CAMP HALE – Supporters of the Colorado Outdoor Recreation Economy Act, after watching the bill fail to advance past the U.S. Senate for several years, are asking President Joe Biden to take executive action to protect the tens of thousands of acres of federal land in Colorado the measure aims to shield.
And they appear to have Tom Vilsack, Biden’s secretary of agriculture, in their corner.
Vilsack, speaking Tuesday to a group gathered for a roundtable near Camp Hale, the former military base near Leadville where 10th Mountain Division soldiers trained before heading to battle in World War II and that would get further protections under the CORE Act, said he would encourage Biden to help.
“Frankly,” Vilsack said, “I don’t want to disappoint.”
The decision to seek executive action from Biden on portions of the CORE Act is tacit acknowledgment that the legislation doesn’t currently have a path toward passage in the 50-50 U.S. Senate, where Republicans have been leery about expanding protections on federal lands. The Democrats who back the bill need the support of all of the members of their party in the Senate as well as at least 10 Republicans to overcome the filibuster and send the measure to Biden’s desk.
That appears unlikely to happen anytime soon.
U.S. Sen.
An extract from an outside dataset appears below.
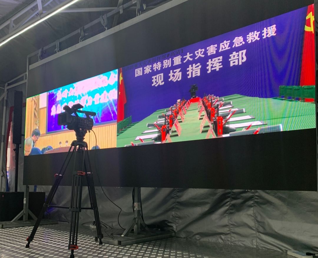 在應(yīng)急救援現(xiàn)場(chǎng)要實(shí)現(xiàn)信息暢聯(lián)、全面統(tǒng)籌,可視化指揮調(diào)度就顯得尤為重要。為了后方救援工作的高效快速開展,在演習(xí)現(xiàn)場(chǎng)的國(guó)家級(jí)指揮方艙指揮室內(nèi),采用了GQY視訊提供的快速拆裝架構(gòu)的LED屏。

Michael Bennet, a Colorado Democrat who is among the sponsors of the CORE Act, organized the gathering Tuesday.
“I think our preference, obviously, is to pass the CORE Act,” Bennet, who is facing election-year pressure to get the CORE Act done, told reporters. “We’re going to continue to fight for that.”
But in the meantime, Bennet said, national monument designations and mineral withdrawals through executive action will be sought in an effort to speed up the protections.
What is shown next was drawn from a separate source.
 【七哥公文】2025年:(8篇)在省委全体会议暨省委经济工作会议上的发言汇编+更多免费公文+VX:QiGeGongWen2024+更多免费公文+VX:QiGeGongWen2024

“We’re just going to have to decide what’s going to be appropriate,” Bennet said. “We haven’t made those decisions yet.”
The Antiquities Act of 1906 gives presidents the power to declare areas a national monument, protecting them from oil and gas drilling and mining. But national monument designations can potentially be granted by one president and amended or rescinded by the next.
President Barack Obama, for instance, created the Bears Ears National Monument in southeast Utah in 2016. The monument designation area was reduced by President Donald Trump in 2017. Biden then restored the monument in 2021.
Executive actions are also subject to lawsuits.
The CORE Act, in addition to protecting the land around Camp Hale by designating it the nation’s first National Historic Landscape, calls for creating about 100,000 acres of wilderness, recreation and conservation areas in the White River National Forest along the Continental Divide.
The measure offers permanent protections, including wilderness designations, for about 60,000 acres of land in the San Juan Mountains in Southwest Colorado. It would also formally establish the boundary for the Curecanti National Recreation Area near the Blue Mesa Reservoir in Gunnison and prevent mineral development on about 6,500 acres outside of Norwood at Naturita Canyon.
Portions of the CORE Act have been debated in Congress for many years, and supporters of the bill are frustrated with the lack of progress.
“There are perfect solutions and then there are good solutions that deserve consideration now just to get something over the finish line,” John Gale, who oversees policy and government relations for Backcountry Hunters and Anglers, said during Tuesday’s roundtable. “And I think that now’s the time not to let the perfect be the enemy of the good. Let’s get done what we can now while we can. There’s too much on the table.”
Bill Fales, a rancher near Carbondale, said protections for the Thompson Divide are urgently needed. “We really need to get the administrative withdrawal to protect this area,” he said, acknowledging the failure to get the CORE Act through the Senate.
The bill has passed the U.S. House several times.
Asked why Biden hasn’t taken action already, U.S. Sen. John Hickenlooper exclaimed, “He’s been busy.”
Vilsack echoed that sentiment, but also acknowledged that conversations with the president about protecting lands targeted by the CORE Act should have happened “yesterday.”
“I think it really is a model of what we should be doing in this country,” Vilsack said, nodding to how the bill was formed through conversations with groups and elected leaders across Colorado. “I’m gonna go back and make sure that the president and the White House are fully briefed on this and make sure that our team is moving as expeditiously as we possibly can to do whatever we can.”
Gov. Jared Polis, another CORE Act supporter who attended the meeting Tuesday, said pursuing executive action from Biden doesn’t mean the bill is dead.
“The two paths are not mutually exclusive,” he said. “Taking additional executive actions can help provide momentum for the future.”
Hickenlooper said he still thinks there’s a path toward passing the CORE Act in Congress.
“We’re close,” he said, explaining that he’s gotten verbal support from Republican Sens. Lisa Murkowski of Alaska, Bill Cassidy of Louisiana and Kevin Kramer of North Dakota.
Murkowski and Cassidy sit on the Senate Energy and Natural Resources Committee, where the CORE Act has been assigned.
“If we had three Republicans on the committee, we’d get 10 in the Senate. That’s my feeling,” Hickenlooper said.